It will even be located in Retro Row, where Margaryan fell in love with the cuisine of the Southeast Asian country, in the part of the city that helped him get through his first few years as a man in his early 20s living 7,000 miles away from home.

Vahe Margaryan prepares an order at the previous #9ToGo location inside Eddie’s Market on Fourth Street. Photo courtesy of the Margaryan family.

But achieving that dream has not been without bumps.

After a night out drinking last year, he pitched the business idea to Tania, and they quickly created #9ToGo, a small hole-in-the-wall restaurant that served Vietnamese food out of Eddie’s Market on Fourth Street. The style was reminiscent of the deli counters in New York’s famed bodegas while maintaining the same flavors Margaryan had fallen in love with at Number Nine.

“From day one, it was a hit. … People loved it,” Tania said. “Nobody judged it or cared that we went from such a nice restaurant to this completely different environment.”

From August to November, customers walking into Eddie’s Market along the Fourth Street corridor were greeted by the smell of the Margaryan’s cooking while Tania tended to the lines of eager people raving to try their take on a restaurant that had meant a lot of the community.

But when the city informed the Margaryans they would no longer be allowed to cook food inside the shop, only reheat items using a microwave, they were faced with two options: risk losing the quality of the food or shut down the operation.

A city spokesperson said the restaurant was not up to code and required upgrades to the ventilation system in order to use proper kitchen equipment.
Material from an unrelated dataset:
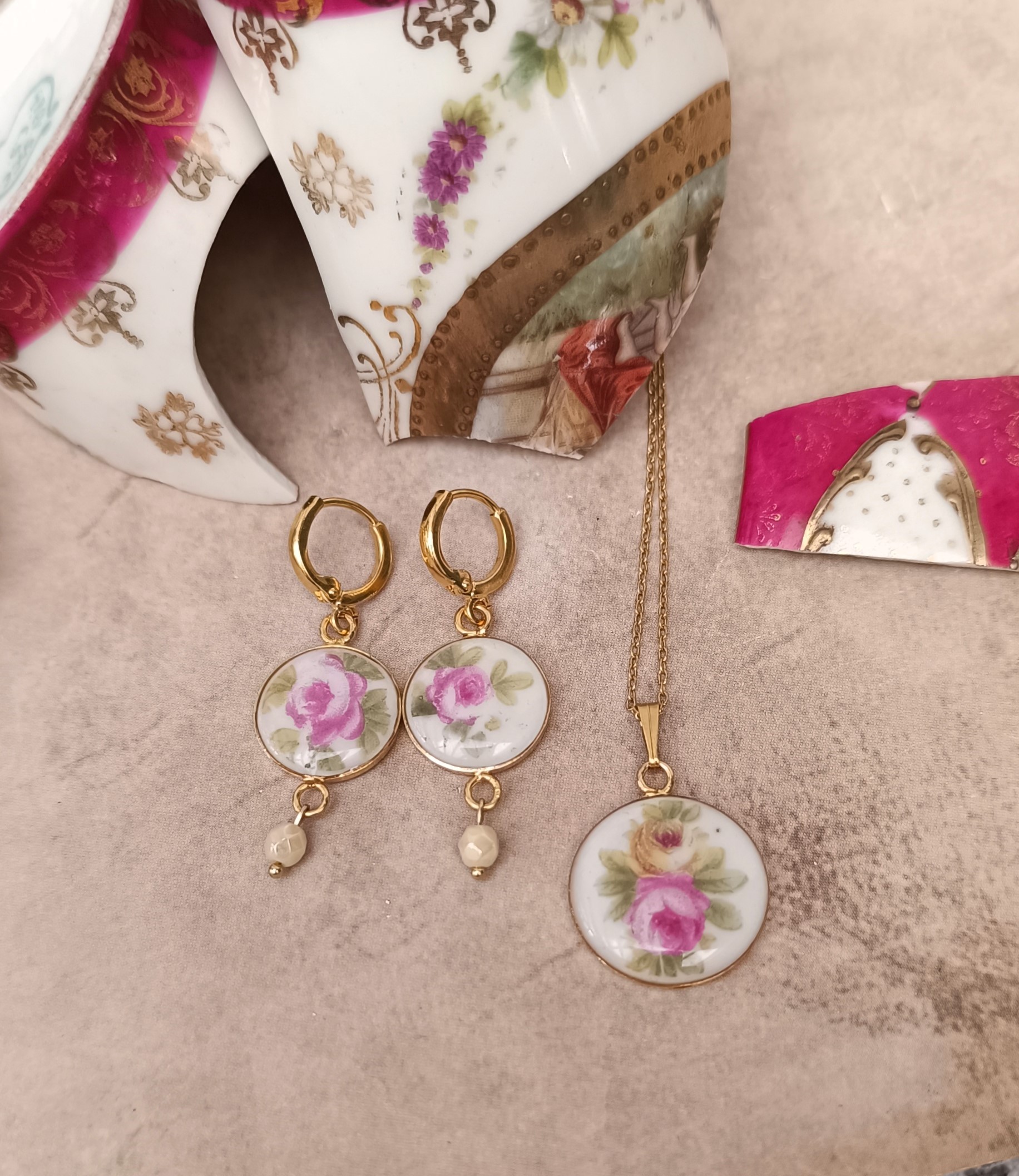 Découvrez également les boucles d’oreilles Romantika, réalisées à partir de la même vaisselle ancienne Royal Braemar, pour composer une parure romantique et harmonieuse.

So rather than put money into an idea they had assumed would be temporary, the Margaryans closed down the shop.

#9ToGo inside Eddie’s Market on the 2000 block of East Fourth Street before its closure. Photo courtesy of the Margaryan family.

“At the end of the day, we just didn’t want to go down like that. … We didn’t want to end up upsetting our customers,” Tania said. “Each customer is appreciated. It’s so hard to get someone to walk in the door and buy from you and for us to just turn our back on them and be like, ‘Here’s this microwave,’ we just couldn’t do it.”

But for Margaryan, owning a restaurant has been his dream since he was a child watching his family cook together in Armenia and he wasn’t ready to quit just yet.

After a six-month closure and the birth of a son, the Margaryans say they are ready to reopen #9ToGo at a permanent location in May, offering a dine-in experience at 1538 E. Fourth St.

Flavorful Japanese yellow curry, banh mi sandwiches and a variety of “pho-king delicious” broth are just a few of the many items #9ToGo will be offering customers upon their return to the Fourth Street corridor.

“When I see people eating my food and they like it, you can tell it in their face. … I like that feeling,” Margaryan said. “That’s why I’m going to bring this food back to the Long Beach community, because people love it.”

The couple has started a GoFundMe page to help alleviate the cost of expenses after investing much of their life savings into keeping the legacy of the original Number Nine restaurant alive. The page has raised $2,080 of the $25,000 goal as of Thursday.